The second beamformer 110 may be configured to generate a second voice signal 112. The second voice signal 112 may be based on the first frequency domain microphone signal 106 and the second frequency domain microphone signal 108. As with the first beamformer 102, the first frequency domain microphone signal 106 corresponds to audio captured by the first microphone 140, while the second frequency domain microphone signal 108 corresponds to audio captured by the second microphone 142. Accordingly, the microphone array used to form the second voice signal 112 includes the first 140 and second 142 microphones. If the system includes additional microphones, the audio captured from the additional microphones may also be used by the second beamformer 110 to generate the second voice signal 112.

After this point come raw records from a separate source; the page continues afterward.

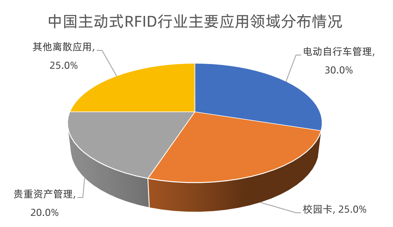 根據物聯傳媒公布的數據顯示,近幾年我國主動式RFID整體出貨量每年大約3000萬,市場產值為數十億元,其最主要的應用有校園卡、電動自行車管理、貴重資產管理以及其他的零散應用,尤其校園卡應用與電動自行車管理是有源RFID最為集中的應用場景。根據物聯傳媒發布的數據顯示,在主動式RFID主要應用領域中,電動自行車管理領域應用占比達30%,校園卡應用占比為25%,貴重資產管理領域應用占比為20%。
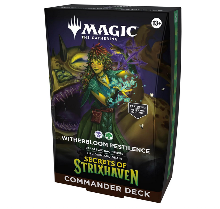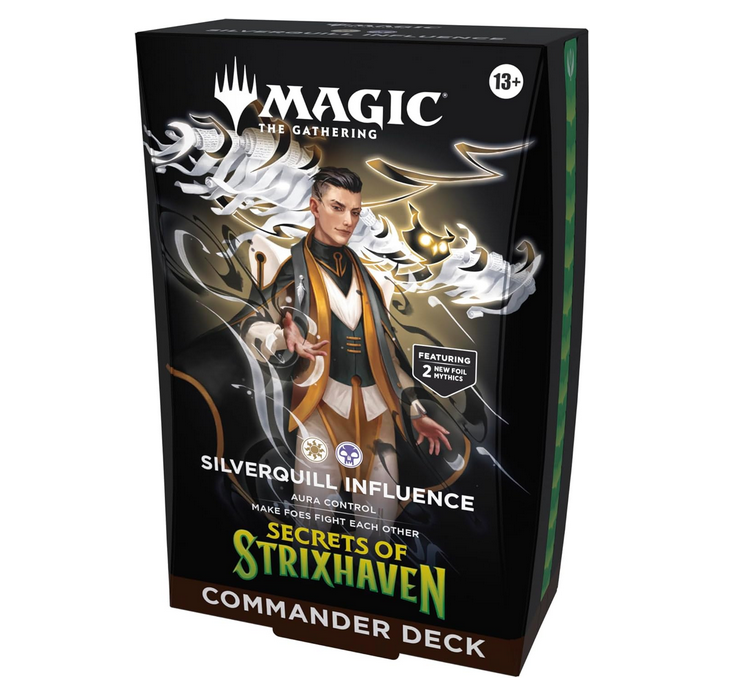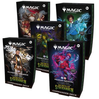 Sumérgete en el mundo mágico de Strixhaven con este increíble display de mazos Commander de Magic: The Gathering. Este producto incluye los mazos preconstruidos completos, listos para jugar desde el primer momento, cada uno inspirado en una de las facultades de la universidad de Strixhaven.
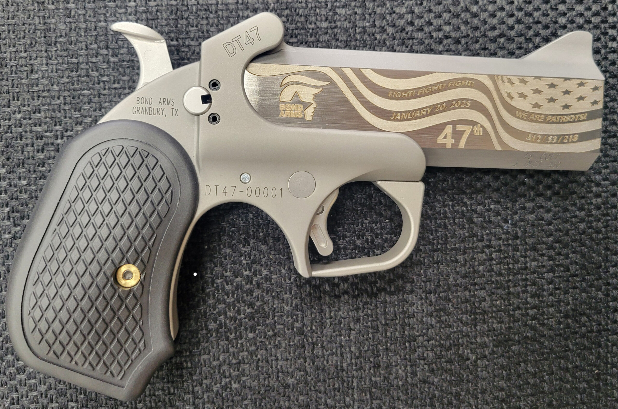 DT47 – 47TH President Limited Edition has a Stainless Steel frame and 45/410 4.25 custom engraved barrel with Rough Series Finish* Trigger Guard and B6 extended grips
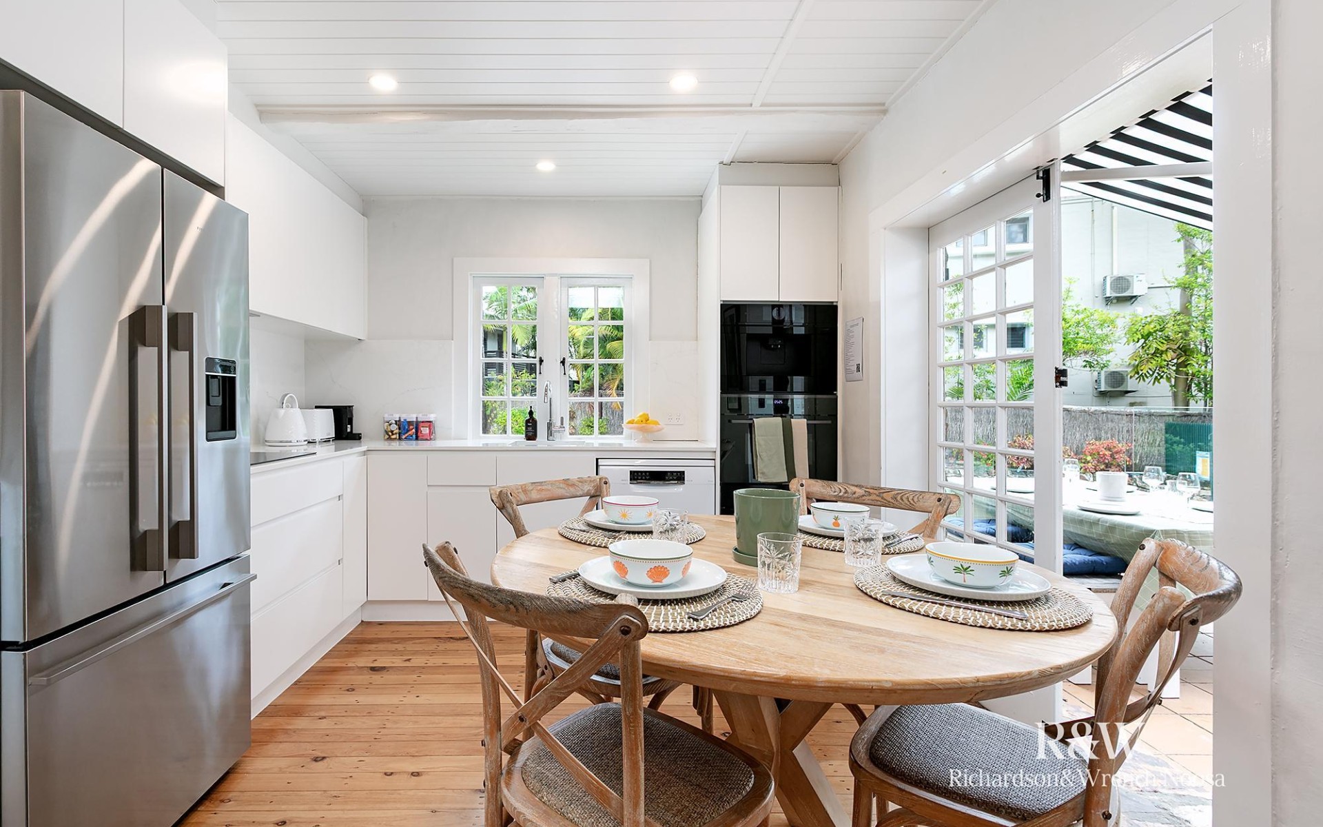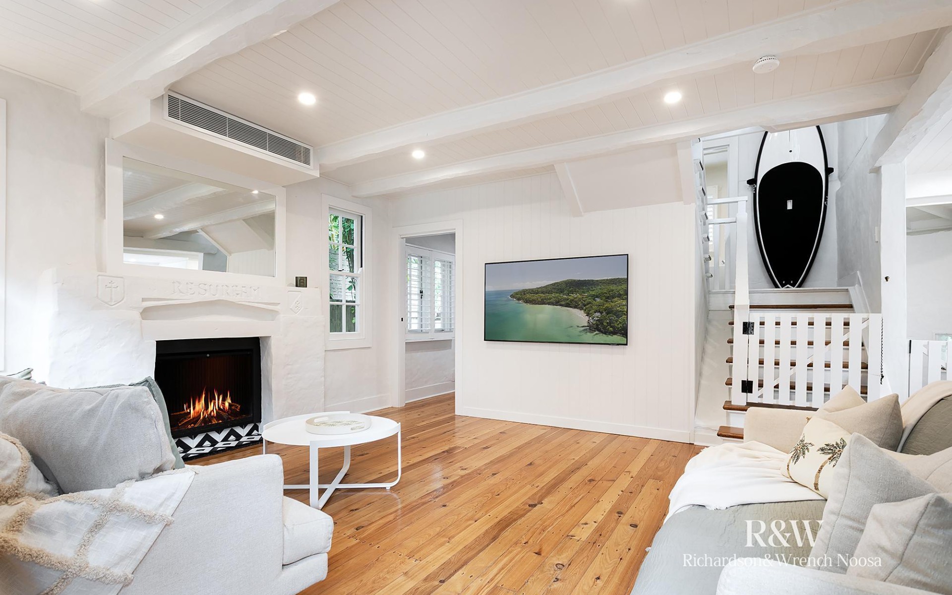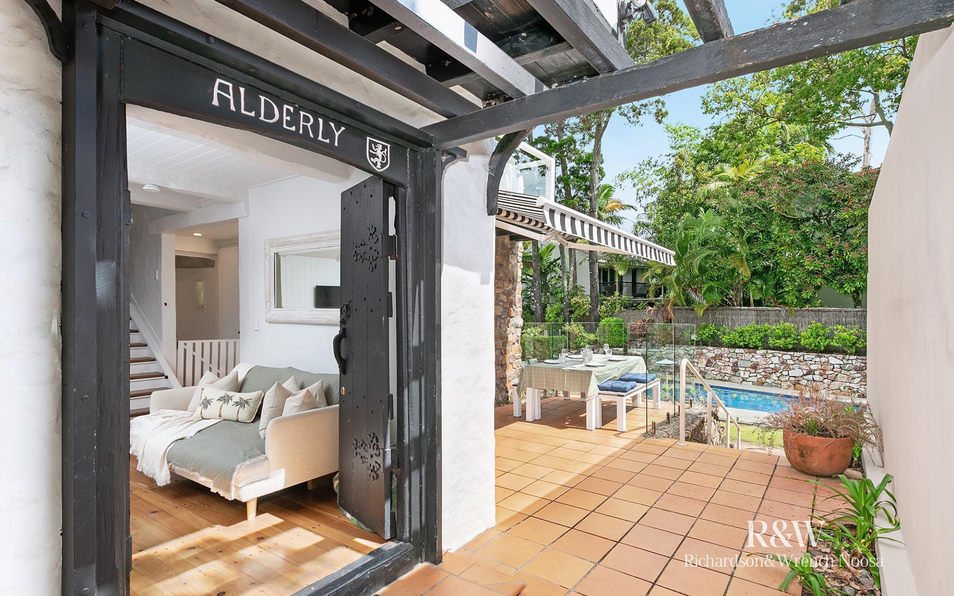 Upon entry, you will marvel at the interior's timber floors, whitewashed beamed ceilings and cosy fireplace that speak to the home's heritage. The light-filled living area flows freely into the kitchen and dining space, where modern appliances and sleek kitchen cabinetry are all yours, along with double doors that lead out to the shaded poolside alfresco terrace.
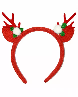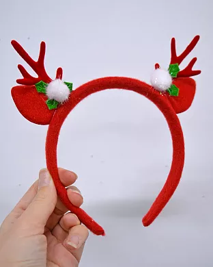 Обруч з вушками, червоними ріжками оленя та білими бубонцями. Основа обруча з пластику, обтягнута червоною тканиною. Аксесуар для створення яскравого образу та святкової новорічної атмосфери у період зимових свят!
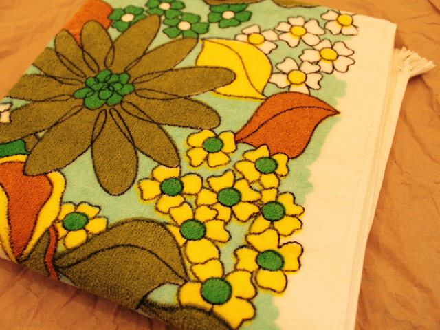 ↑ A printed cotton terrycloth towel from the 70s or so. This had never been used/washed before, so, to maintain the pristine crispness of its colours, I didn’t wash it before giving it. She was happy about that and plans to display it, rather than actually use it as a towel. ↑
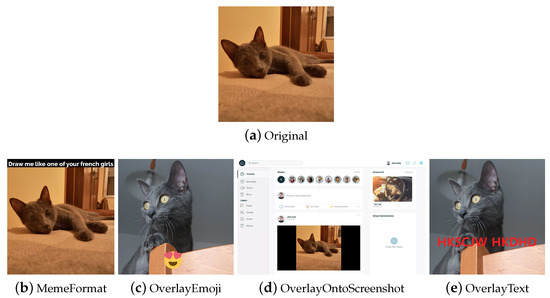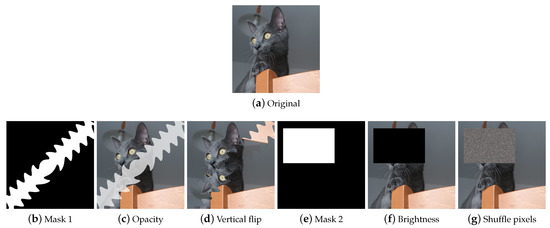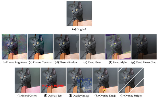 - Papakipos, Z.; Bitton, J. AugLy: Data Augmentations for Robustness. arXiv 2022, arXiv:2201.06494. [Google Scholar]
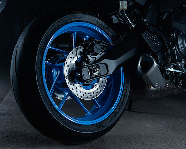 Contributing to a lighter and more agile MT-07, the wheels have been manufactured using Yamaha’s patented SpinForged technology. This allows for a thinner and lighter casting, without compromising strength. Dunlop Sportmax Q5A tyres have been specially chosen as OE equipment for MT-07, being famed for their light handling and all-round capabilities.
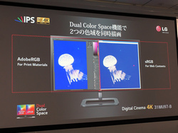 デュアルカラースペース機能を搭載し、1画面上で同時に2つの色域設定による映像を左右に同時に出力可能。これにより例えば、印刷向けの色合いとウェブ向けの色合いなど、異なる色合いで表示される画像を同時にひとつの画面で比較できる。同機能はsRGB/AdobeRGB/キャリブレーションした結果を保存したプリセットのピクチャーモードで利用できる。
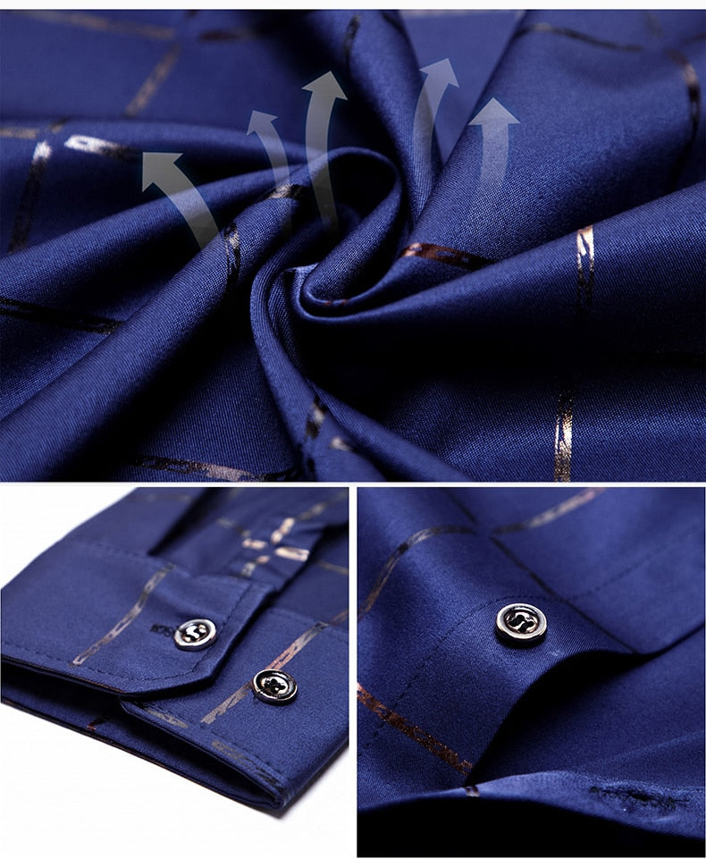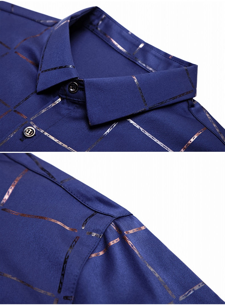 Plaid Long Sleeve Slim Fit Dress Shirts- Men
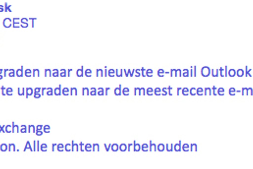 Er zijn e-mails in omloop met een link naar 'ICT Service Desk' om te upgraden naar de 'nieuwste e-mail Outlook Web Apps'. Deze mails zijn verstuurd door fraudeurs en kunnen direct de prullenbak in.
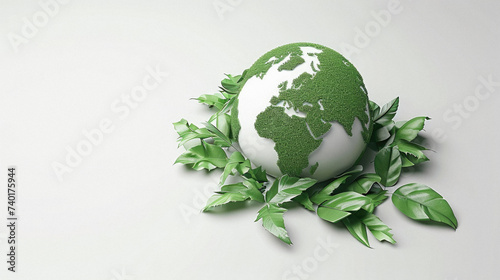 Of earth surrounded by green leaves on white background .
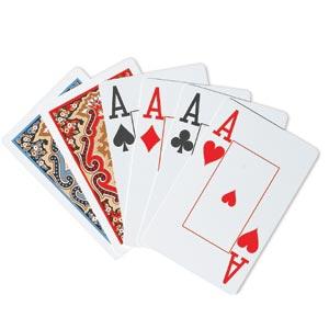 O baralho comum tem 52 cartas divididas em 04 naipes numerados de 02 a 10 e mais as cartas chamadas de figuras: o rei, a rainha, o valete e o ás.
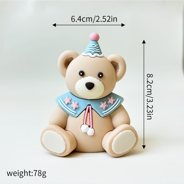 Kute gấu ngồi màu nâu nhạt yếm xanh mũ xanh chóp hồng (8,2cm)
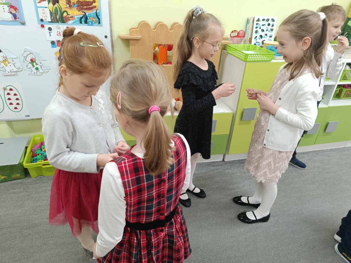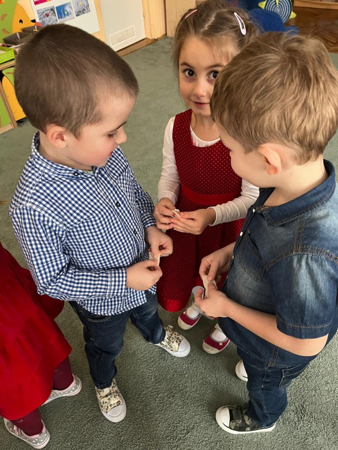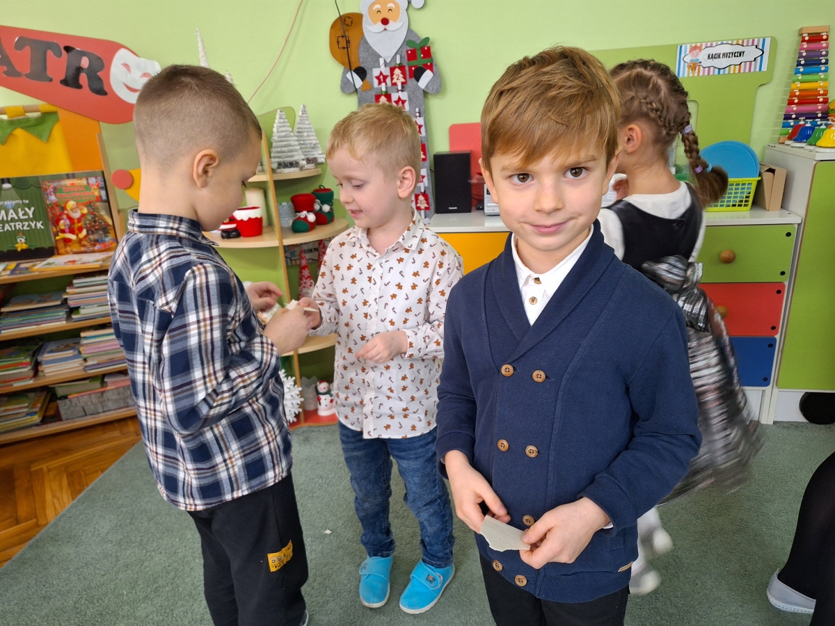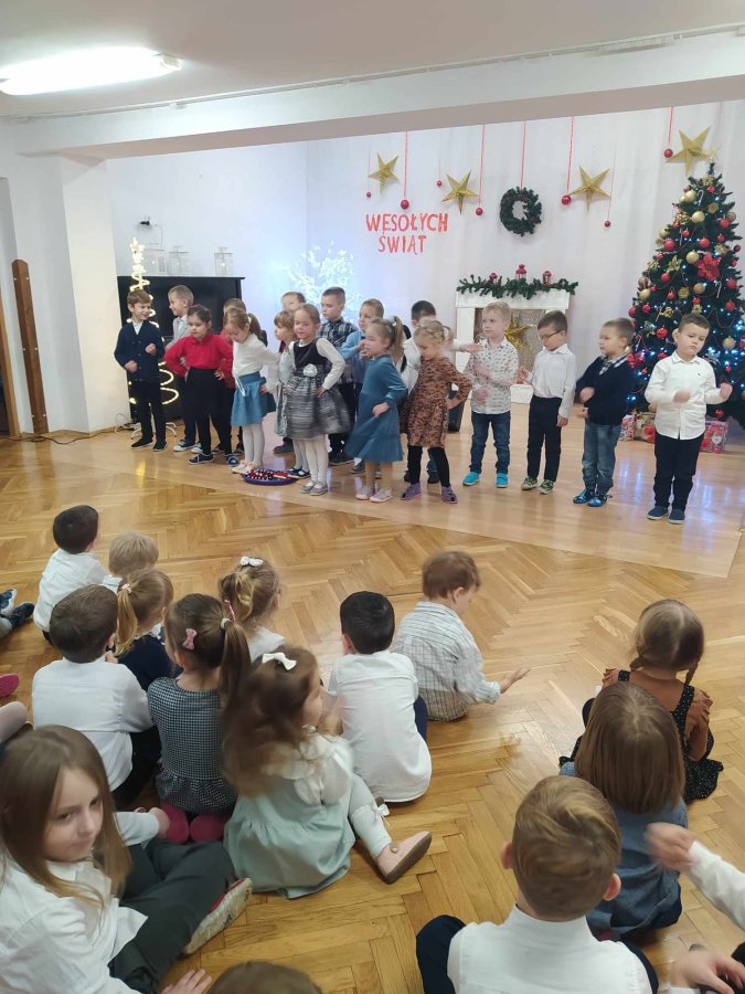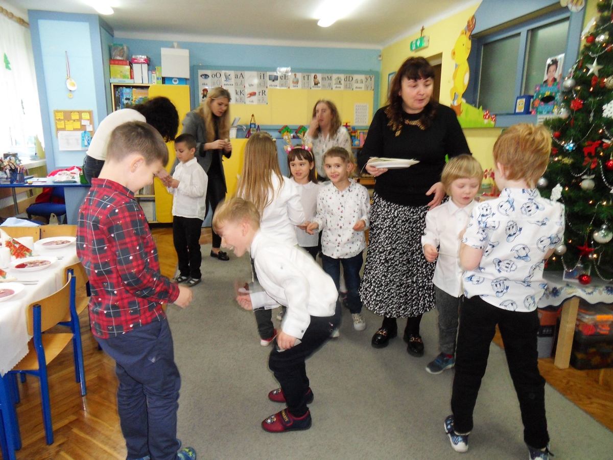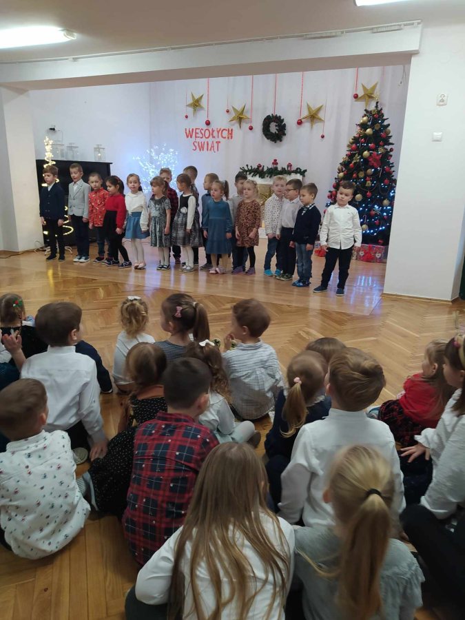 Jest taki dzień tylko jeden raz do roku to Wigilia Świąt Bożego Narodzenia. Jest jednym z najpiękniejszych dni w roku. W naszym przedszkolu 15 grudnia już od rana słychać było kolędy. Bo właśnie w tym dniu cała społeczność uczestniczyła w spotkaniu wigilijnym. Najpierw był wspaniały występ, który przygotowała grupa IV. Potem wspólnie zaśpiewaliśmy kolędę. Pani dyrektor złożyła wszystkim życzenia świąteczne. Następnie przedszkolaki w swoich grupach łamały się opłatkiem i przy pięknie udekorowanych stołach zasiadły do wigilijnego obiadu. Atmosfera była świąteczna, pełna nadziei, życzliwości, czuć było magię i radość.
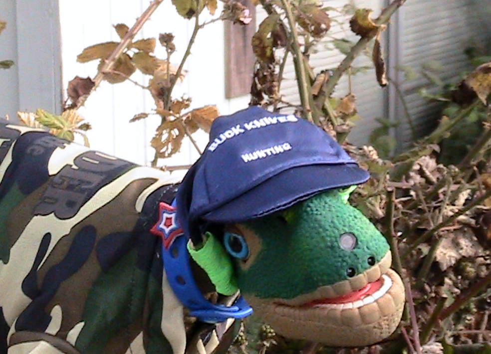 Major Tom gives us a close up look. He doesn't know it says, "buck Knives hunting", or he may be a little afraid to wear it , esp if alone in the forest, but I won't tell him and he can't read.
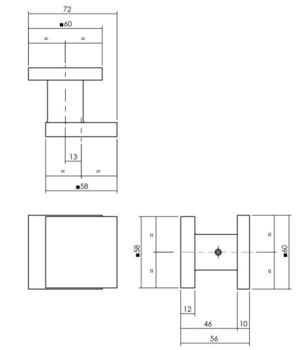 Deze vierkante voordeurknop bestaat uit aluminium en is hierdoor licht van gewicht en sterk tegelijk. De knop is F1 gematteerd, waardoor het een zilverkleurige uitstraling krijgt. De knop heeft een afmeting van 58 x 58 mm en de achterplaat is 60 x 60 mm. Montage is éénzijdig en eenvoudig met het bijgeleverde bevestigingsmateriaal.
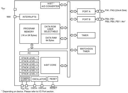 These compact low-cost devices feature a Timer comprising an 8-bit counter with a 7-bit programmable prescaler, an 8-bit A/D Converter with 4 analog inputs (depending on device, see device summary on page 1) and a Digital Watchdog timer, making them well suited for a wide range of automotive, appliance and industrial applications.
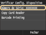 e toque em <Status do Dispositivo> <Número de Série>. |
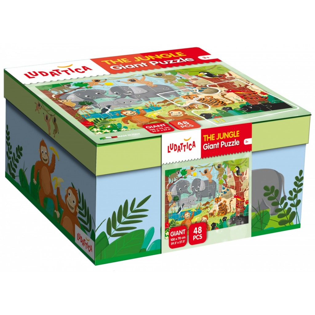 Description : Un puzzle géant avec la belle illustration d’une jungle peuplée de sympathiques animaux ! Réalisé en carton de grosse épaisseur et avec 48 grandes pièces. Le coffret peut également se transformer en une boîte pratique et solide.
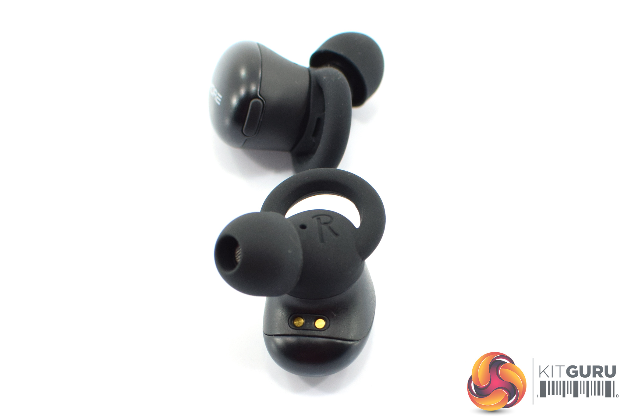 As TWS earphones go, these aren't too bulky either, with measurements of 27 x 27 x 23mm. They're obviously a bit thicker than normal earphones, but they have to house a battery as well. Each earphone is also home to a small button which is used to control your music playback, answer calls and even access your digital assistant. Lastly, the underside of each earphone reveals two gold contact points for charging with the include case.
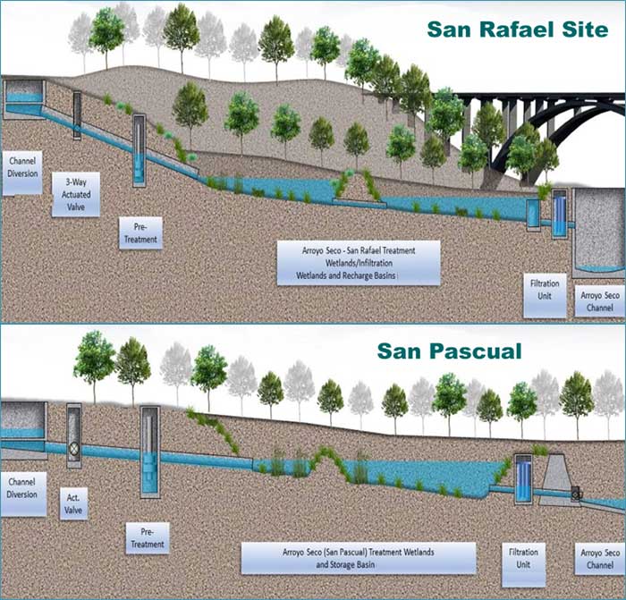 Downstream, at the San Pascual Site, water flows—including those from San Rafael—will be diverted again for further treatment and infiltration. A portion of this cleaned water will be reused for non-potable purposes, such as irrigating the Arroyo Seco Golf Course, helping to reduce reliance on potable supplies.

As shown in FIG. 1, the wind noise reduction system 100 may further include a wind detector 114. The wind detector 114 is configured to determine the wind conditions of the environment by comparing the signals generated by two beamformers, such as the DAS beamformer 102 and the MVDR beamformer 110. Other types of beamformers may be used when appropriate.

The wind detector 114 may be configured to generate a wind detection signal 116. The wind detection signal 116 may be a binary signal, indicating whether or not wind is present above a specified detection threshold. In further examples, the wind detection signal 116 may contain information regarding the strength of the wind, such as “high wind” or “low wind”.

The wind detection signal 116 may be generated based on the first voice signal 104 and the second voice signal 112. The first voice signal 104 may be generated by the DAS beamformer. The second voice signal 112 may be generated by the MVDR beamformer. As described above, MVDR beamformers are susceptible to amplifying wind noise as much as 10 to 20 dB at certain frequencies. Accordingly, if the second signal 112 contains significantly higher energy than the first signal 104, wind may be detected. The difference in energy levels between the first voice signal 104 and the second voice signal 112 may be proportional to the wind level. For example, a difference of 5 dB may be indicative of low winds, and a difference of 10 dB may be indicative of high winds.

The wind noise reduction system 100 may further include a third beamformer 118. The third beamformer 118 may be a GEV beamformer. The goal of the third beamformer 118 is to generate a wind array voice signal 120 which incorporates audio captured by an accelerometer 144. Accelerometers provide greater SNR performance than microphones in windy conditions, particularly at frequencies less than 1.0 to 2.0 kHz.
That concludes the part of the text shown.